Ken, So wonderful I could bring you down the road of memories. Yes in this modern data world, things like this is like touch from a distant time. Perhaps only the watch, the compass and the ruler is what the young will know about. Smiles. Before the Xerox machine and the PC this was a natural way to resize. Actually I never learned the slide rule only seen some of my old teachers show of with them. If you had become an architect you would never had had that beautiful shop, since you would have earned to little and worked too much to have the time, lol.
JJohnston, that is truly a compliment, thank you. ;-)
Lew, at some point we become happy that we even can remember. Smiles.
Jim, I actually have a small metal lathe Emco unimat and a ton of tools for it… But I never had the time to get really into the game and know no one that can help me get started. Last time I used it I burned the one motor, since I did not know you could not just keep running… I will try and save money for a electronic controlled motor that can run non stop.








Wayne, bless you.
Mike, I can imagine this one will actually be fun for kids, that they will be fascinated to see their drawings grow like this. Like a time capsule. It is both small projects that can be made quite easy. Metal parts can also be replaced with wood.
Andy, it is running quite smooth I put washers in between to make that happen. But the wood strips made of metal and ball bearings would make it even better, but then no fun for a wood junkie.
Serge, yes I still keep going as a old steam engine. Even I do not have as much time as I would love to.
Topa, thank you. ;-)
Roger, Big warm smile here.
Best thoughts to you all,
Mads


----------



## phtaylor36 (Jun 13, 2011)

mafe said:


> *Pantograph for drawing (with drawings and manual).*
> 
> *Pantograph for drawing*
> with drawings and manual.
> ...


Mads, this is an amazing project. You never cease to amaze!
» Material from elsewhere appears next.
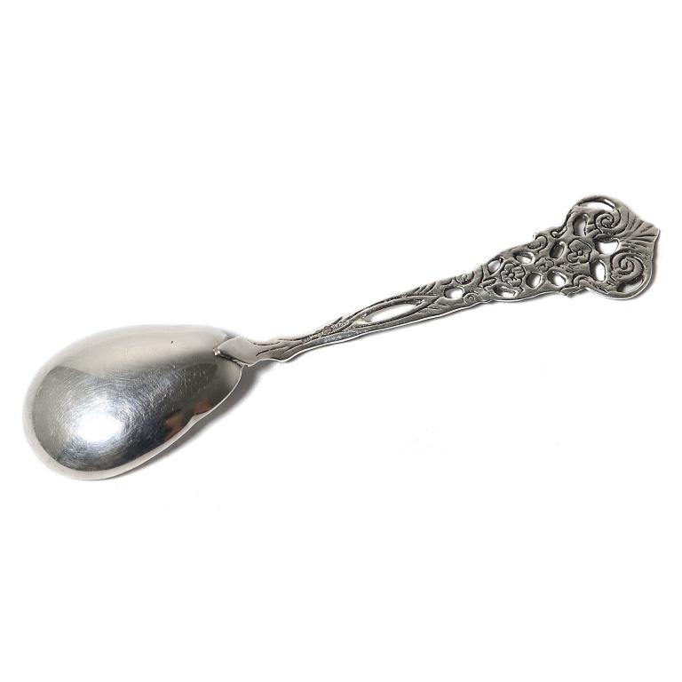 Silver serving spoon.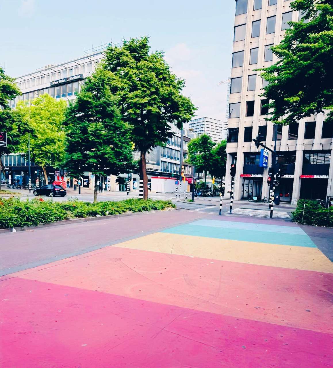 你甚至可以在某些市政廳看見彩虹旗與「進步驕傲旗」(Progress Pride Flag)一同飄揚,有些斑馬線被漆上彩虹色——在荷蘭,多元成為生活的一部分,而不是口號。

Now that I have almost completed my drafting table I will have to make one…


----------



## mafe (Dec 10, 2009)

mafe said:


> *Pantograph for drawing (with drawings and manual).*
> 
> *Pantograph for drawing*
> with drawings and manual.
> ...


Philip, sounds like a good plan.
You will have hours of fun after and before.
Best thoughts,
Mads


----------



## Abejr (Oct 25, 2020)

mafe said:


> *Pantograph for drawing (with drawings and manual).*
> 
> *Pantograph for drawing*
> with drawings and manual.
> ...


Hi Sir! I can't access the plan photo in my android device. Wasn't sure if the site had moved or not working anymore. Can you help me please. I was a newbie here.


----------



## mafe (Dec 10, 2009)

mafe said:


> *Pantograph for drawing (with drawings and manual).*
> 
> *Pantograph for drawing*
> with drawings and manual.
> ...


Hi Abejr.
The links work, so perhaps you need a computer to get them…
Hope it helps.
Best thoughts,
Mads


----------



## Abejr (Oct 25, 2020)

mafe said:


> *Pantograph for drawing (with drawings and manual).*
> 
> *Pantograph for drawing*
> with drawings and manual.
> ...


Hi Sir Mafe, thank you for assisting. The issue is now been resolved. Reason why i wasn't able to view it was the data connection. Just now i tried it via WiFi at home, it worked like a charm! Thank you so much! I will browse your other projects, especially how to make one of those old man pipes. I'm your big fan! Cheers!


----------



## mafe (Dec 10, 2009)

mafe said:


> *Pantograph for drawing (with drawings and manual).*
> 
> *Pantograph for drawing*
> with drawings and manual.
> ...


Hi Abejr,
Happy to hear you solved the problem.
Thank you for your kind words.
Big smile,
Mads


----------